The latest phase of funding for the Public Sector Decarbonisation Scheme (PSDS) will open for applications in September. But competition for grants is fierce and schools need to prepare in advance, says Nigel Aylwin-Foster of ReEnergise, a consultancy that has supported successful grant applications in the past 18 months.
The funding of low-carbon projects is arguably the biggest barrier to entry into renewables for schools and colleges. In fact, capital outlay can often make it simply out of the question. Yet schools are expected to become net zero by 2050 and some education groups have specific targets to reduce consumption and emissions by 2030, or earlier.
In 2020, the government began to set aside funding to support the decarbonisation of public buildings through the PSDS. The scheme provides grants to pay for decarbonisation works to existing energy infrastructure, converting fossil fuel heating plant to renewable alternatives. It also funds related energy efficiency measures.
Schools and colleges can apply for PSDS funding through Salix Finance, a public body sponsored by the Department for Business, Energy and Industrial Strategy. Local authorities, MATS and other eligible education groups can also apply on behalf of their schools.
The main focus now is on the phasing out of fossil fuel heating plant but the key requirement is that each application must demonstrate a ‘whole building’ approach to decarbonisation. In other words, in addition to seeking funding for heating plant conversions, Salix assessors will want to see the inclusion of related measures that will enable the new heating plant to work more effectively.
Funds are limited and each round of grants so far has been heavily oversubscribed.
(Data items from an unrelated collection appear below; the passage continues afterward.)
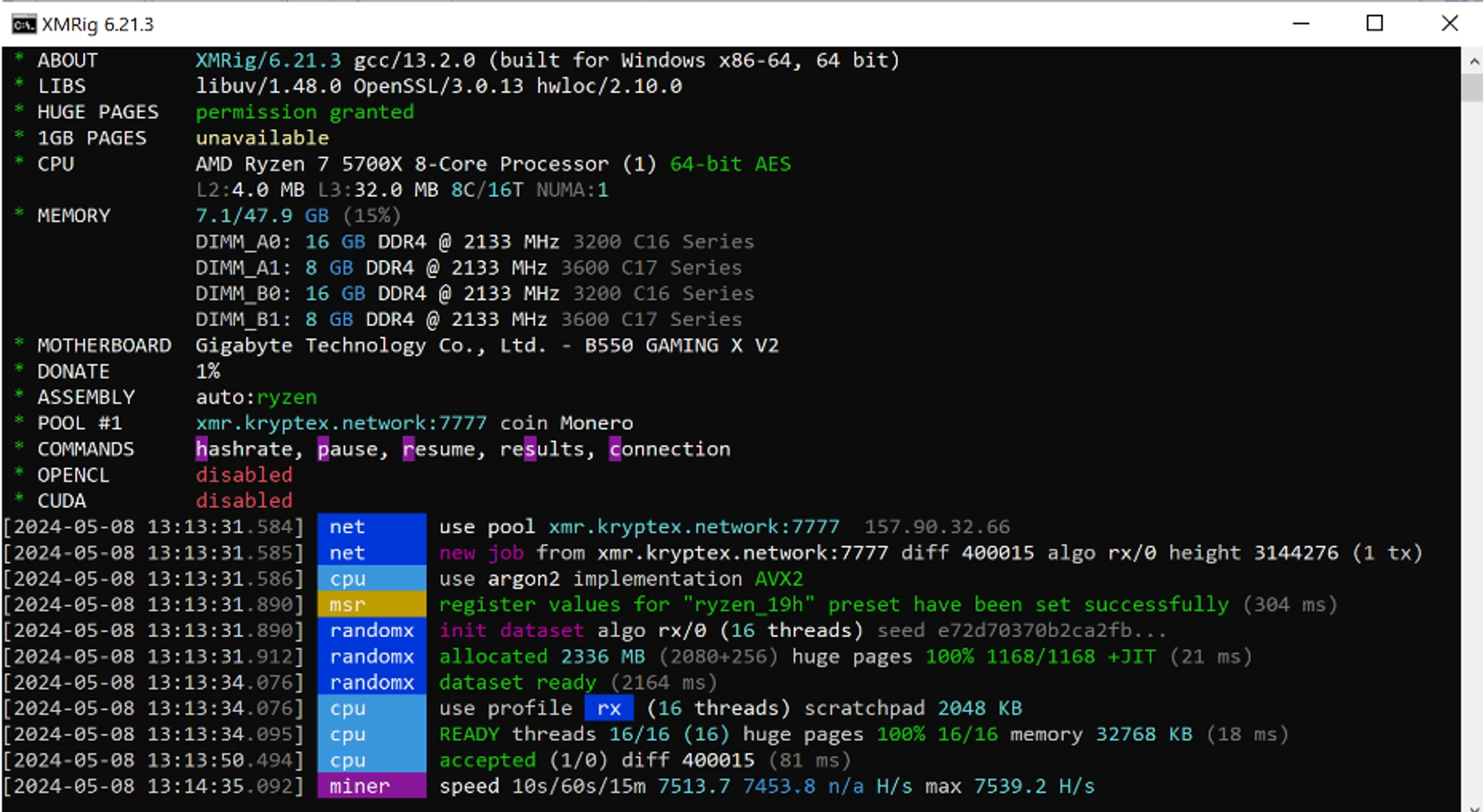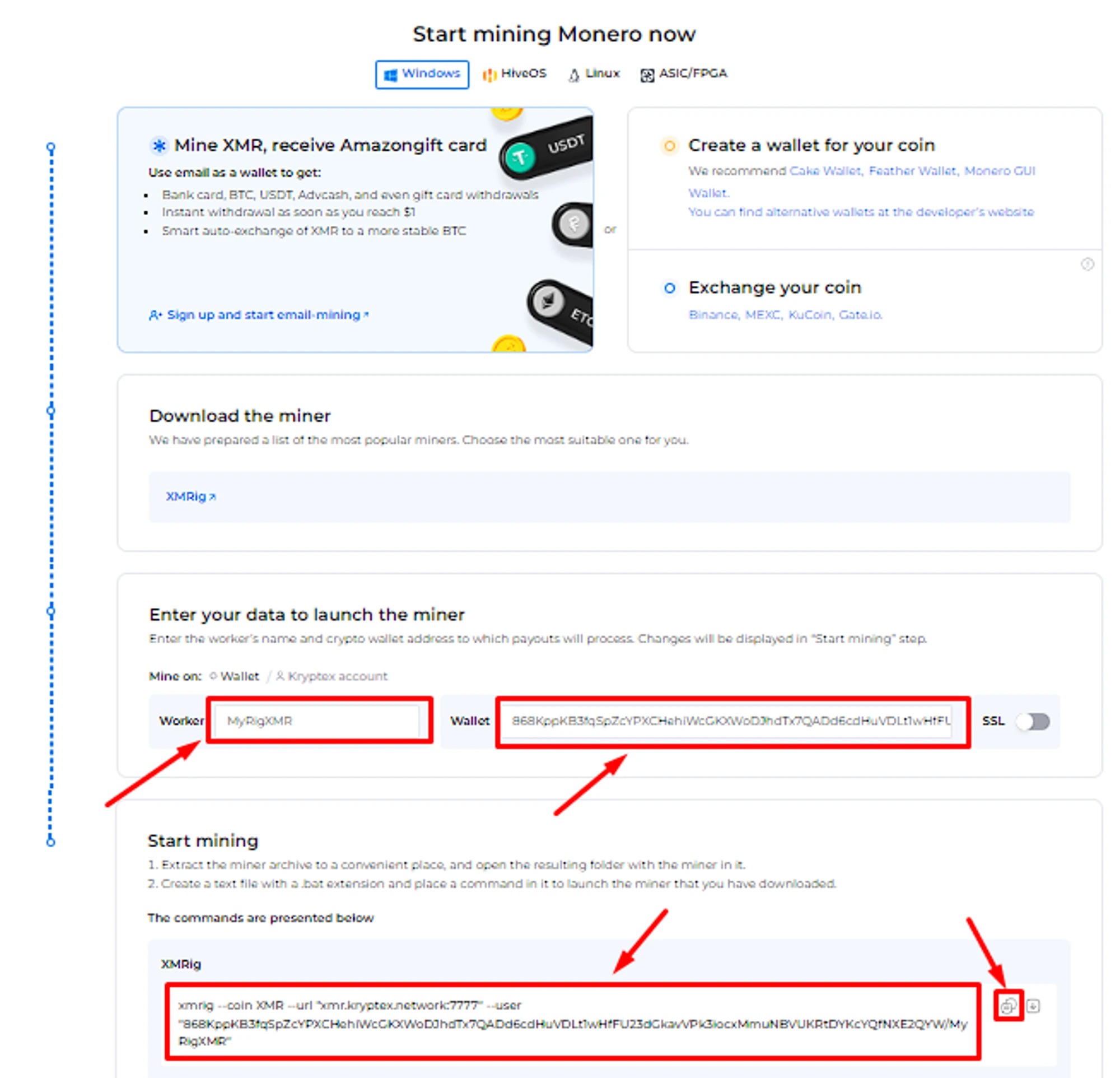 Pool address: xmr.kryptex.network:7029
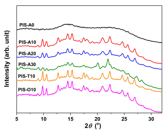 The XRD patterns of the oligoimides were shown in Figure 3. It can be seen that these oligoimide containing siloxane structure showed some crystalline peaks between 2θ angle 8°–28° except PIS-A0. This may be related to the low molecular weight of these oligoimides combined with the existence of flexible siloxane, which made the molecular chain easier moving and packing to form the ordered crystalline.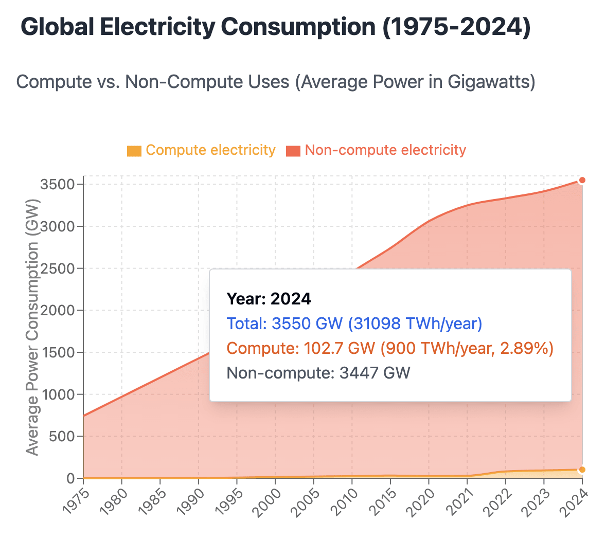 Electricity consumption by compute is growing much faster than overall electricity consumption (Claude Opus4 produced the plot):

Salix allocates funding on a first come, first served basis, provided applications are technically and commercially compliant with their rules. This means that on the day the application portal opens, schools will find themselves in competition with hospitals, councils and others in the public sector to compete their online applications as quickly as possible before funds run out (often on the same day).
The latest phase (3b) of PSDS funding has just been announced, with £635million of grants available to spend in the financial years 2023/4 and 2024/5. The application portal will open in September, so keep an eye on the Salix website for updates on the exact date.
To be in with a chance of success, it’s vital to prepare your application ahead of time, so that you can quickly cut and paste your answers to each section into the online form. You will need technical details of your project, and ideally already have a full heat decarbonisation plan on which to base your application (although Salix will allow you to submit a final version of the plan at a later date). Your application will need details such as the expected cost of your project and the tonnes of carbon saved over its lifetime, a design concept, full details of the buildings in scope for conversion, and a credible procurement plan (including realistic project delivery dates). Indeed, the process is so complicated and time-consuming that schools often work with consultants like ReEnergise to prepare their applications in advance.
If you have an existing heat decarbonisation plan, or a saved application that was unsuccessful last time, then dust it off and be ready to secure your place in the queue as soon as the portal opens.